Greek poet (born 1947)

Yiannis Patilis (Greek: Γιάννης Πατίλης) (born 21 February 1947 in Colonus, Athens) is a Greek poet.

==Biography==
He spent his childhood in Colonus and later in Patisia. He has been living in Nea Smyrni since 2005. He studied law and modern Greek philology at the University of Athens and worked as a professor of philology in secondary education from 1980 to 2010.

He was the co-founder of the literary journals To Dentro (1978), Nisos – Music and Poetry (1983) and Critique and Texts (1984). Since 1986 he has published the literary journal Planodion, while in April 2010 he created and has since run a website for short stories called Bonsai Stories.

In 1995 he edited, with the collaboration of Elissavet Liaropoulou, the philological edition in two volumes of Angelos Simiriotis' poems (1870–1944). Simirioti was a poet from Smyrna in Asia Minor.

In 1996, he was a guest at the Hellenic Studies Program of the University of Princeton and in 2000 a guest poet at the 31st International Poetry Festival in Rotterdam, the Netherlands.

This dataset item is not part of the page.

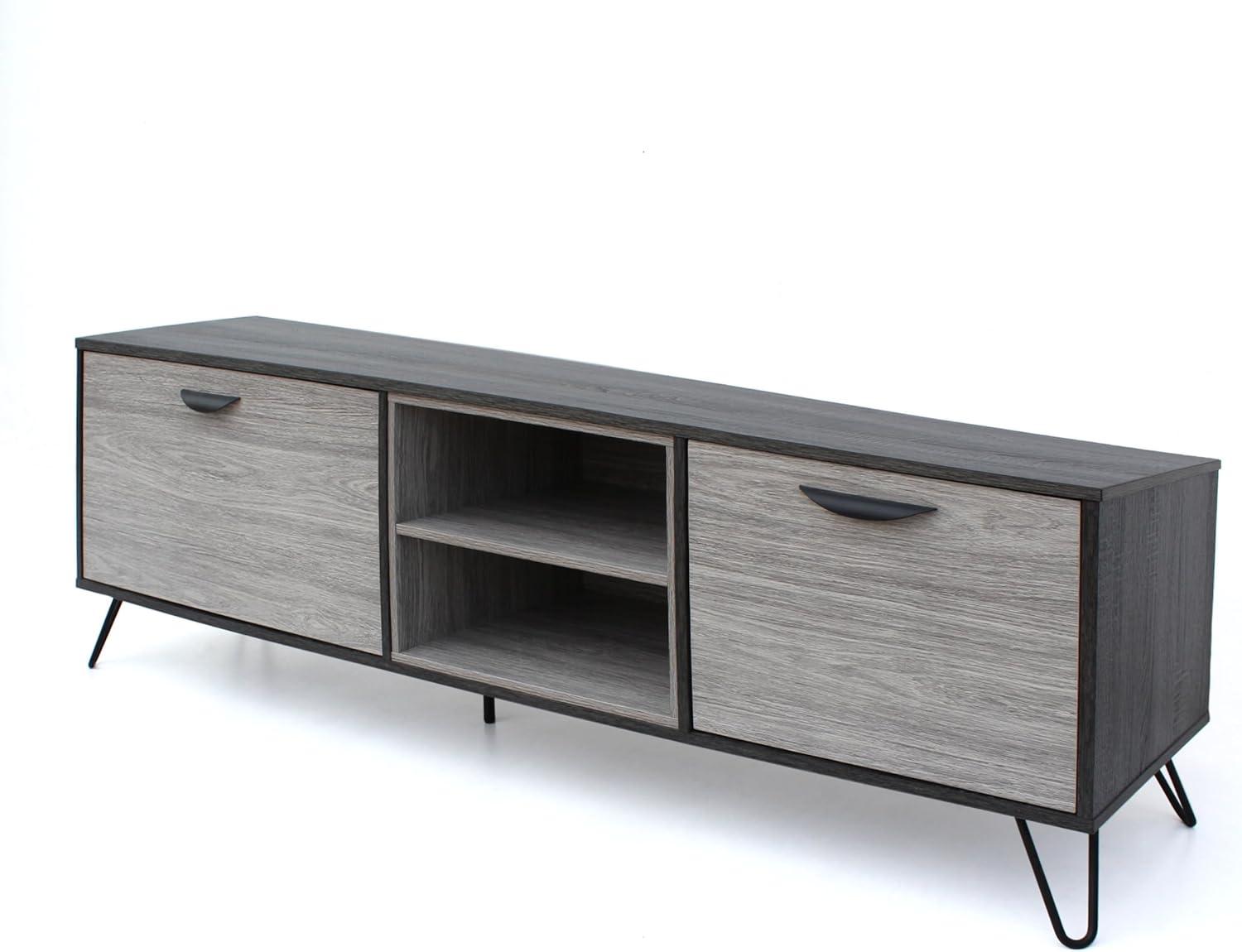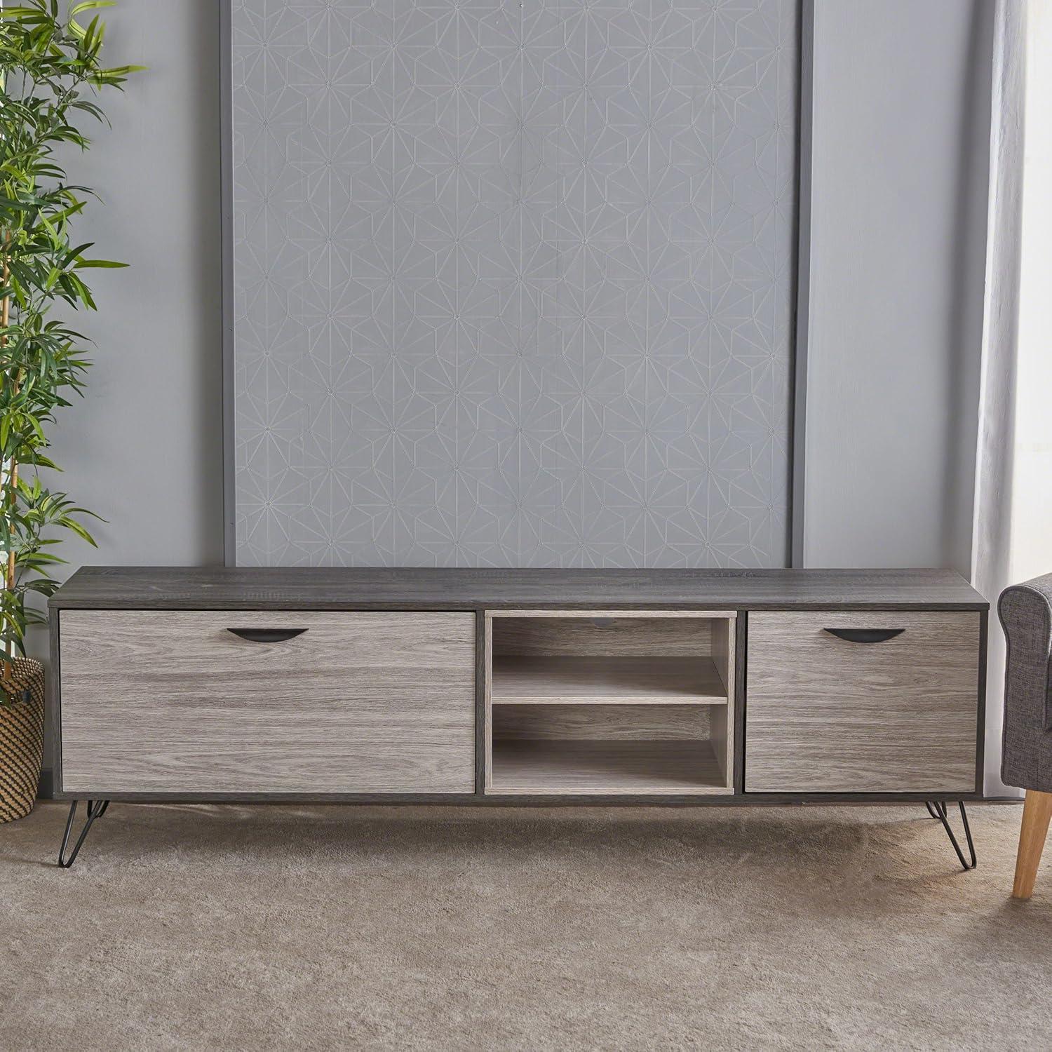 From the moment we unpacked this media console, its blend of mid-century modern and industrial styles caught our eye. The two-toned Sonoma Grey Oak finish contrasted beautifully with the sleek black hairpin legs, lending an understated elegance that feels both contemporary and timeless. Designed to hold TVs up to 79 inches, its dimensions make it a practical yet stylish centerpiece for a variety of living spaces, adding a refreshing upgrade without overpowering the room.

His poems have been translated into many languages and have been included in many anthologies and magazines in Greece and abroad. In 1997, the literary magazine Emvolimon prepared and circulated a special issue dedicated to his poetry.

==Poetry==
He belongs to the so-called Genia tou 70 (‘Generation of the ‘70s), which is a literary term referring to Greek authors who began publishing their work during the 1970s, especially towards the end of the Greek military junta of 1967-1974 and in the first years of the Metapolitefsi. According to the Dutch Hellenist and translator of his poems into Dutch, Hero Hokwerda, "the poets of this generation fiercely oppose the rise of the modern technological, capitalistic consumer society, which they see as a mortal threat to the individual. Patilis, despite his sarcasm, is often more humorous and ironic in tone than his contemporaries. His poetry is truly a poetry of the city, of the daily microcosm of urban life, reflecting the changing times. If he still uses names from ancient Greek history and mythology, it is not in pursuit of nationalistic goals or in search of a Greek national identity; his poetry remains strictly personal and is about the place of the individual in modern society."

===Poetry collections===
- Ο μικρός και το θηρίο (The Little Guy and the Beast), 1970
- Αλλά τώρα, προσέχτε! (But Now Be Careful!), 1973
- Υπερ των καρπών (In Favor of Fruition), 1977
- Κέρματα (Tokens), 1980
- Μη καπνιστής σε χώρα καπνιζόντων (Poems 1970–1980) (Non-Smoker in the Land of Smokers; poems, 1970–80), 1982
- Ζεστό μεσημέρι (Warm Midday), 1984
- Γραφέως κάτοπτρον (The Scribe's Mirror), 1989
- Ταξίδια στην ίδια πόλη (Poems 1970–1990) (Trips in the Same City, poems, 1970–90), 1993
- Ακτή Καλλιμασιώτη (Kallimasioti Coast), 2009
- Αποδρομή του Αλκοόλ και άλλα ποιήματα (Alcohol in Remission and other poems), 2012

A selection of his poetry is available in English: Camel of Darkness. Selected Poems (1970–1990)', translated from the Greek by Stathis Gourgouris, Quarterly Review of Literature, Poetry Books Series, Volume XXXVI, Princeton 1997.